**Dataset content**
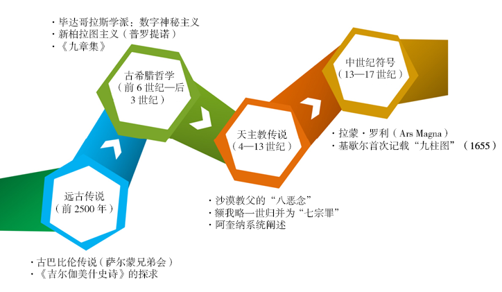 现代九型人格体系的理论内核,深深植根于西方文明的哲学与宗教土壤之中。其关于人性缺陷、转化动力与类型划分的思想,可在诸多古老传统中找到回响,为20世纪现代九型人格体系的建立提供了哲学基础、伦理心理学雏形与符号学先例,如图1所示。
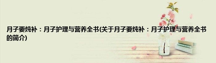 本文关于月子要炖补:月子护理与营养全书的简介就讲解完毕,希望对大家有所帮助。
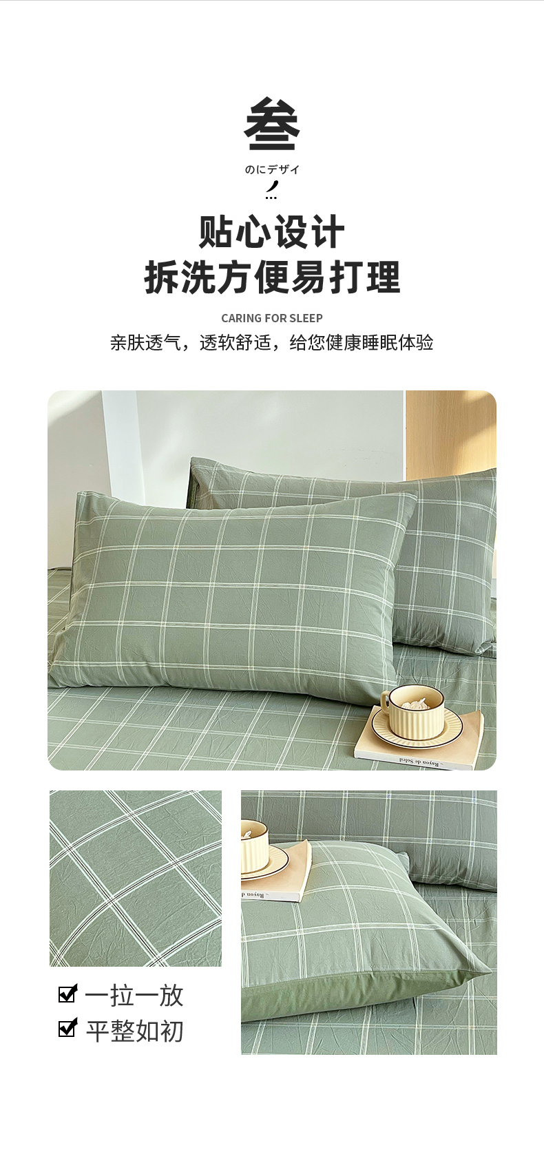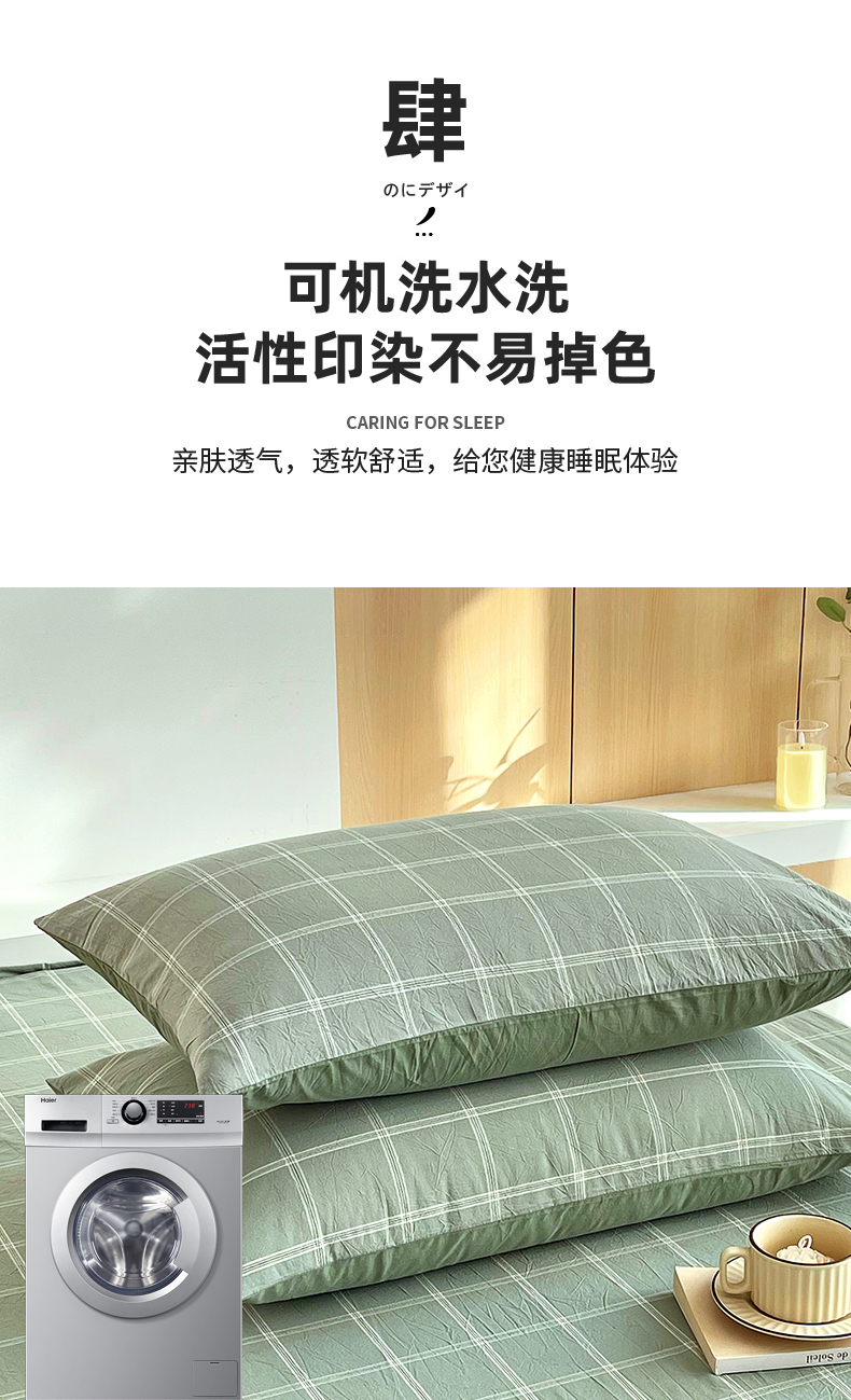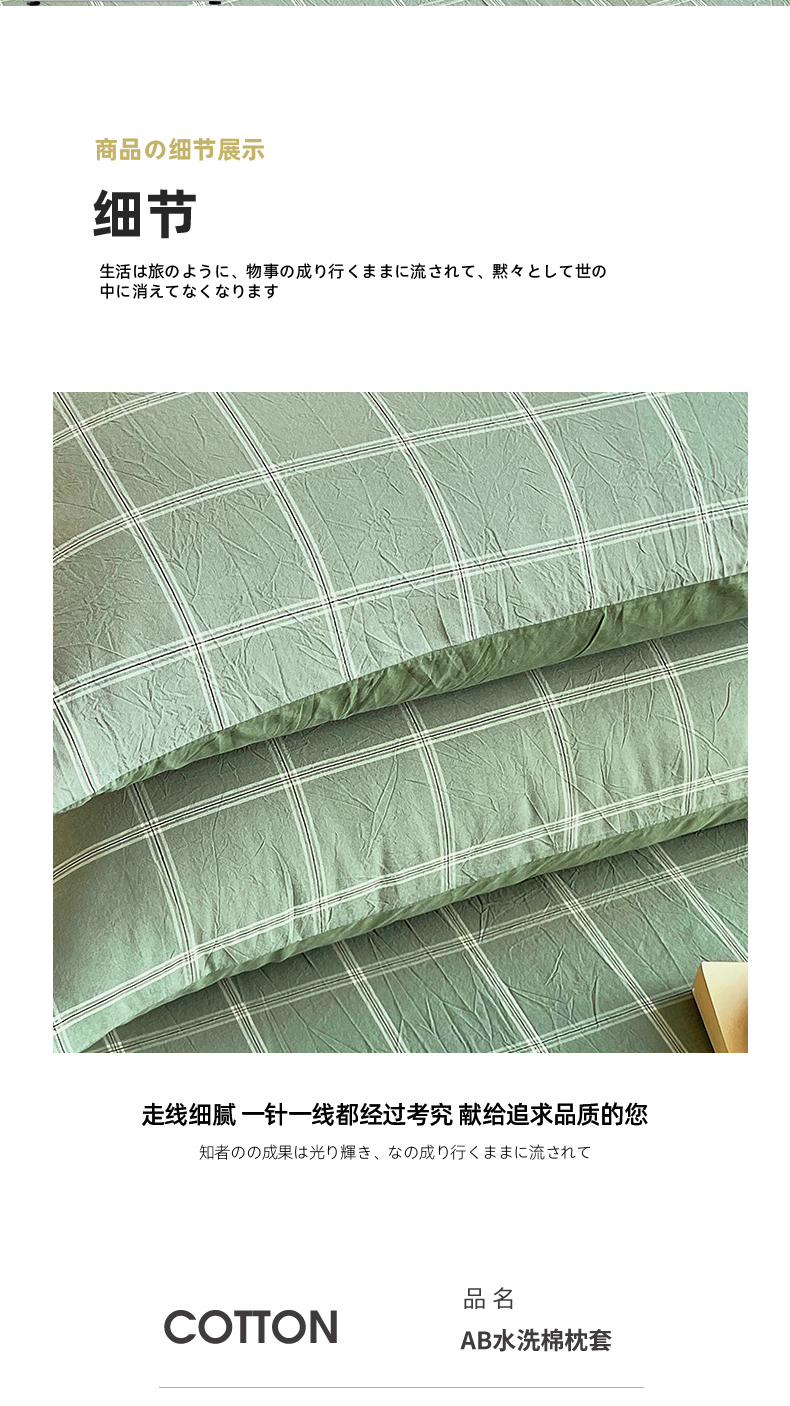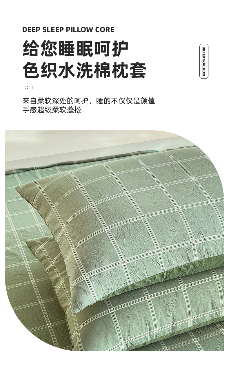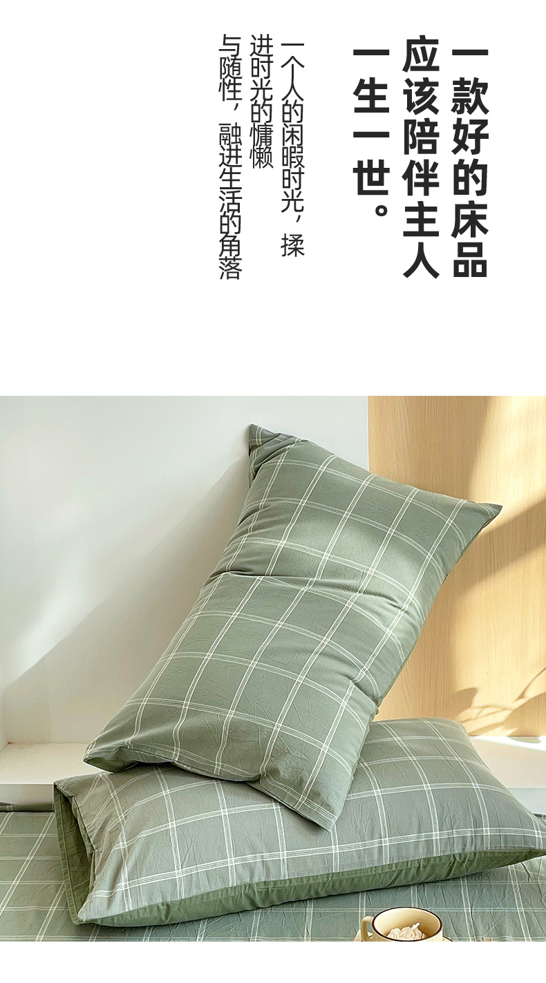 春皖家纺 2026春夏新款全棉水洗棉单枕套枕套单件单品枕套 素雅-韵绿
==
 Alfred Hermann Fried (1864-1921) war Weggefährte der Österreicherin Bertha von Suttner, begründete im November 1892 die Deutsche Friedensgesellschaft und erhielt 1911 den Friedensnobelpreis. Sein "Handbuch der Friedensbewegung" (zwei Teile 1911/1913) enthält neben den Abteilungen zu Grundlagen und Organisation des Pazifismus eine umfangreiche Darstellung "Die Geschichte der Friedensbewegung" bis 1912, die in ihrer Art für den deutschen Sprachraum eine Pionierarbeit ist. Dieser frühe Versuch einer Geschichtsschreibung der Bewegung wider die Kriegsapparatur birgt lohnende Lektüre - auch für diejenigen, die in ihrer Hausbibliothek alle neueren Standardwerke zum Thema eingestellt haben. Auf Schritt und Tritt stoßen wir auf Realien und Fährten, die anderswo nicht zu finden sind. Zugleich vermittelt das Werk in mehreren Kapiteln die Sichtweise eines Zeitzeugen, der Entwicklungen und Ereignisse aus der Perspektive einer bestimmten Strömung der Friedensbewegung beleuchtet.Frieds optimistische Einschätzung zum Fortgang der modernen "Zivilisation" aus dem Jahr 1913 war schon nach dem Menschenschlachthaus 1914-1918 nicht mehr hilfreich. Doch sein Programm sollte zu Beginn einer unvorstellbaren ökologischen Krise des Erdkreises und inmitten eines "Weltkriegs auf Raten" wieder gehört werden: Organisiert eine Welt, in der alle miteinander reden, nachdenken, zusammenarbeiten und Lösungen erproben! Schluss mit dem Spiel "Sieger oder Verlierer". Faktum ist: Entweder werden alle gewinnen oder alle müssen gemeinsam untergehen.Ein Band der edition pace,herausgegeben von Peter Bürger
...
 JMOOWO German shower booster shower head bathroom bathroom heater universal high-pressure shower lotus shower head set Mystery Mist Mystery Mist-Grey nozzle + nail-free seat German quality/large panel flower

**What the task requires**
Using the records above, print exactly the run of lines that starts with the line with "本文关于月子要炖补:月子护理与营养全书的简介就讲解完毕,希望对大家有所帮助。" and goes on through the line with "春皖家纺 2026春夏新款全棉水洗棉单枕套枕套单件单品枕套 素雅-韵绿", pictures excluded.

**Result for this task**
 本文关于月子要炖补:月子护理与营养全书的简介就讲解完毕,希望对大家有所帮助。
 春皖家纺 2026春夏新款全棉水洗棉单枕套枕套单件单品枕套 素雅-韵绿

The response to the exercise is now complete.